Page MenuHomePhabricator

Make daemons less aggressive about cycling connections
Closed, ResolvedPublic

Description

Currently, daemons potentially cycle connections very aggressively while under load. After a connection is closed, the outbound port usually can't be reused for about 60 seconds, so sufficiently aggressive cycling can exhaust outbound ports.

A simple partial mitigation is to skip cycling while loaded:

diff --git a/src/infrastructure/daemon/PhabricatorDaemon.php b/src/infrastructure/daemon/PhabricatorDaemon.php
index 349e0f0..aadef5a 100644
--- a/src/infrastructure/daemon/PhabricatorDaemon.php
+++ b/src/infrastructure/daemon/PhabricatorDaemon.php
@@ -11,7 +11,9 @@ abstract class PhabricatorDaemon extends PhutilDaemon {
   }
 
   protected function willSleep($duration) {
-    LiskDAO::closeAllConnections();
+    if ($duration) {
+      LiskDAO::closeAllConnections();
+    }
     return;
   }

There should be a number of other similar adjustments to make behavior here a bit more reasonable. We'll still do a connection per application (at least until after T11044) but should be keeping things under ~100 connections per daemon until then.

Event Timeline

I deployed this stuff, and I'm actually seeing more used ports now on secure001 than I did in D16389. However, I think most of these are coming from web requests and the larger count is because we have more traffic during US daytime than we did earlier in the morning. It didn't occur to me earlier that I'd be accidentally counting connections from both sources.

I'll be able to measure repo001 in about 48 hours (which should give us a more definitive count). I could probably figure out some clever ways to distinguish between web-originated and daemon-originated connections prior to that, but don't have a number to compare to.

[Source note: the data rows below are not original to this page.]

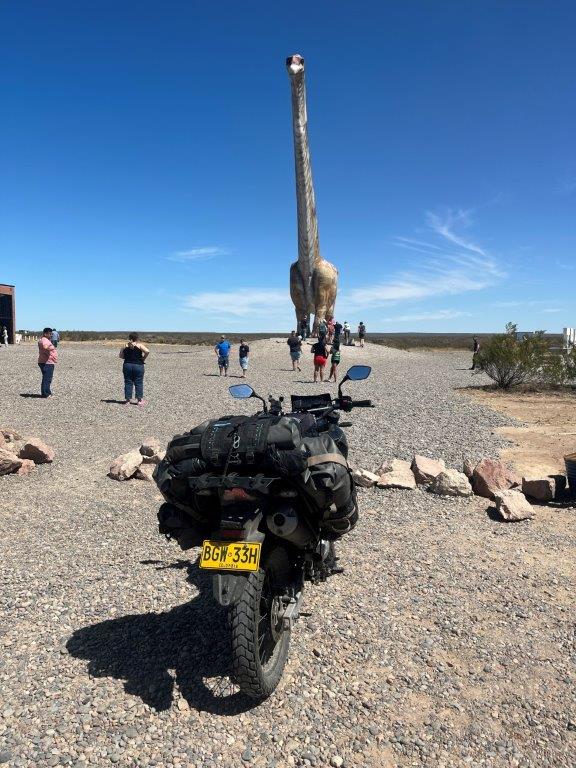 I know at the end of the 73kms there are several fuel stations. The Ruta 288 definitely doesn’t have any until it hits the Ruta 3. I know I can do at least 300kms on a full tank. And its only 240kms. So I was very relieved when the 5 litres almost filled my tank. So about 8:30 I informed the cop of my route and then passed through the road closed sign and headed east. The first 20kms had patches of loose gravel which aren’t very nice but with the wind behind me I had control of the bike, so it was okay. I sat on about 30kph. It was going to be a long day. Then the road and probably my skills and confidence picked up a little and I was doing 50kph. And by the end, the road seemed much better, and I was constantly backing off from going over 70kph. I was pleasantly surprised when the bitumen started about 10kms earlier than I had expected and then happy to get to the junction where I met the road that I had been on before. It ended up only taking me about 3 hours to do the gravel and I only passed one car in each direction. I did see a lot of guanacos(llamas) and rheas (emu looking birds). Camera shy.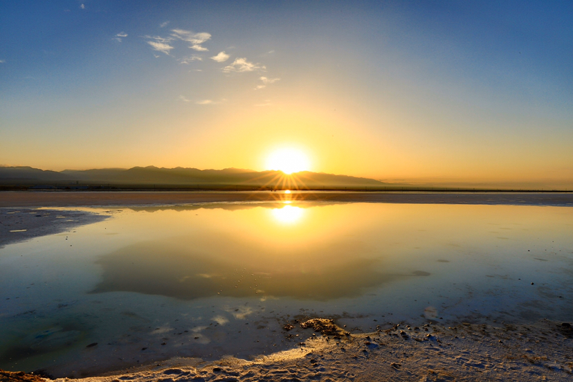· 盐湖岸边结着大块的盐花。据说连我们脚下的路都是盐铺成的,比沙子还好用。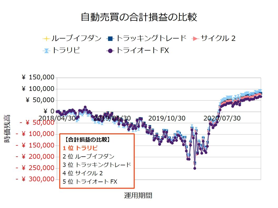 合計損益(全てのポジションを決済した時の損益)はトラリピがトップです。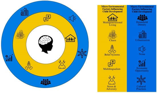 Figure 3. Micro and macro environmental factors that differentially influence child cognitive and brain development. Items highlighted in yellow represent micro-environmental factors that are more proximal to the child’s development, while items highlighted in blue represent macro-environmental factors that are more distal to the child’s development.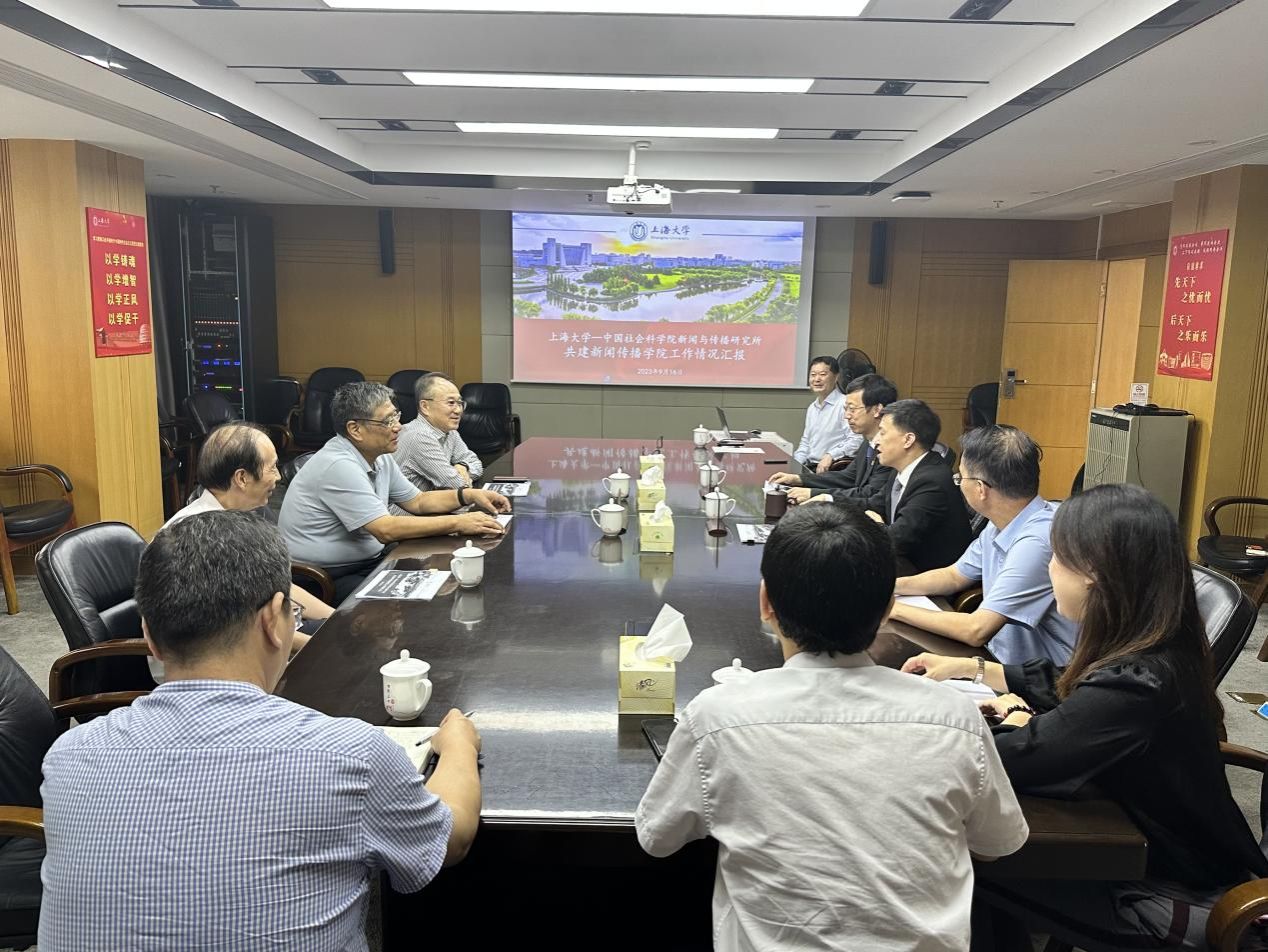 会上,上海大学新闻传播学院院长严三九汇报了所校共建新闻传播学院的工作推进情况。

I still suspect this is in much better shape now, but I'll wait until I have some kind of plausible measurement to that effect to call it resolved.

After merging with upstream, we were able to increase our taskmasters up to 32, and still not come anywhere close to the number of connections that were previously used. So far, so good on our end.

Great! It looks like we're down from about 18K to 3K on repo001 too, so it appears that this pretty much works as expected.

There's significant room to refine this further, but since we aren't running out of headroom anywhere now we can look at this again after T11044.